Department of Health Sciences, University of Leicester, Leicester, UK.
MRC Integrative Epidemiology Unit, University of Bristol, Bristol, UK.
Genet Epidemiol. 2022 Jul;46(5-6):303-316. doi: 10.1002/gepi.22455. Epub 2022 May 18.
Genome-wide association studies have provided many genetic markers that can be used as instrumental variables to adjust for confounding in epidemiological studies. Recently, the principle has been applied to other forms of bias in observational studies, especially collider bias that arises when conditioning or stratifying on a variable that is associated with the outcome of interest. An important case is in studies of disease progression and survival. Here, we clarify the links between the genetic instrumental variable methods proposed for this problem and the established methods of Mendelian randomisation developed to account for confounding. We highlight the critical importance of weak instrument bias in this context and describe a corrected weighted least-squares procedure as a simple approach to reduce this bias. We illustrate the range of available methods on two data examples. The first, waist-hip ratio adjusted for body-mass index, entails statistical adjustment for a quantitative trait. The second, smoking cessation, is a stratified analysis conditional on having initiated smoking. In both cases, we find little effect of collider bias on the primary association results, but this may propagate into more substantial effects on further analyses such as polygenic risk scoring and Mendelian randomisation.

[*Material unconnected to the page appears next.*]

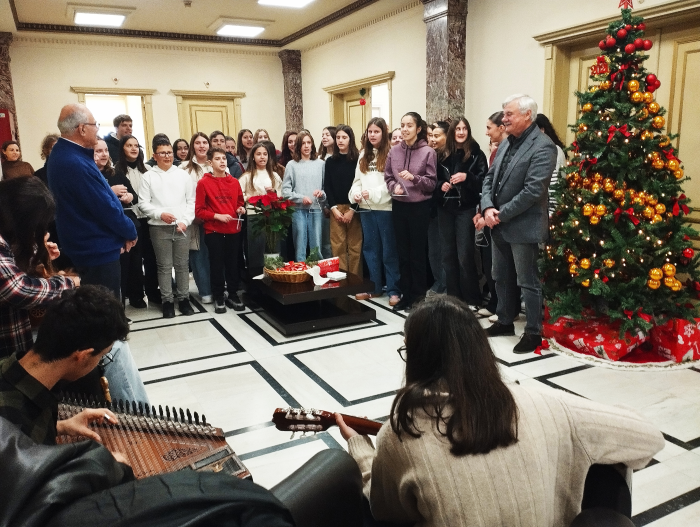 Τους μαθητές και τις μαθήτριες υποδέχτηκε εγκάρδια ο Δήμαρχος Πύργου, κ. Στάθης Καννής. Οι μαθητές/τριες των δύο σχολείων έψαλαν, με τη συνοδεία της ορχήστρας, και υπό τη διεύθυνση της εκπαιδευτικού μουσικής κ. Κωνσταντίνας Σακκά–Κυρίτση, παραδοσιακά κάλαντα από διάφορες περιοχές της Ελλάδας και τραγούδησαν Χριστουγεννιάτικα τραγούδια στον Δήμαρχο Πύργου, στον Αντιδήμαρχο Τεχνικών Υπηρεσιών κ. Παναγόπουλο, στους συνεργάτες τους και στο προσωπικό του Δήμου Πύργου. Οι μαθητές/τριες δημιούργησαν μια όμορφη εορταστική ατμόσφαιρα, εν αναμονή των Χριστουγέννων, μεταδίδοντας το μήνυμα για αγάπη, αλληλεγγύη, ελπίδα και αισιοδοξία. Ο κ. Καννής ευχαρίστησε τους μαθητές και τις μαθήτριες και τους ευχήθηκε καλές γιορτές με υγεία, καλή πρόοδο και επιτυχία στους στόχους τους.

全基因组关联研究提供了许多遗传标记,可以用作工具变量来调整流行病学研究中的混杂因素。最近,这一原则已被应用于观察性研究中的其他形式的偏差,特别是当在与感兴趣的结果相关的变量上进行条件或分层时出现的混杂偏差。一个重要的情况是在疾病进展和生存研究中。在这里,我们阐明了为解决这一问题提出的遗传工具变量方法与为解决混杂因素而开发的孟德尔随机化的既定方法之间的联系。我们强调了在这种情况下弱工具变量偏差的重要性,并描述了一种校正加权最小二乘法程序作为减少这种偏差的简单方法。我们通过两个数据示例说明了可用方法的范围。第一个例子是在调整体重指数后对腰围臀围进行的调整,涉及对定量特征的统计调整。第二个例子是基于是否开始吸烟进行的分层分析。在这两种情况下,我们发现混杂偏差对主要关联结果的影响很小,但这可能会传播到进一步分析中,如多基因风险评分和孟德尔随机化。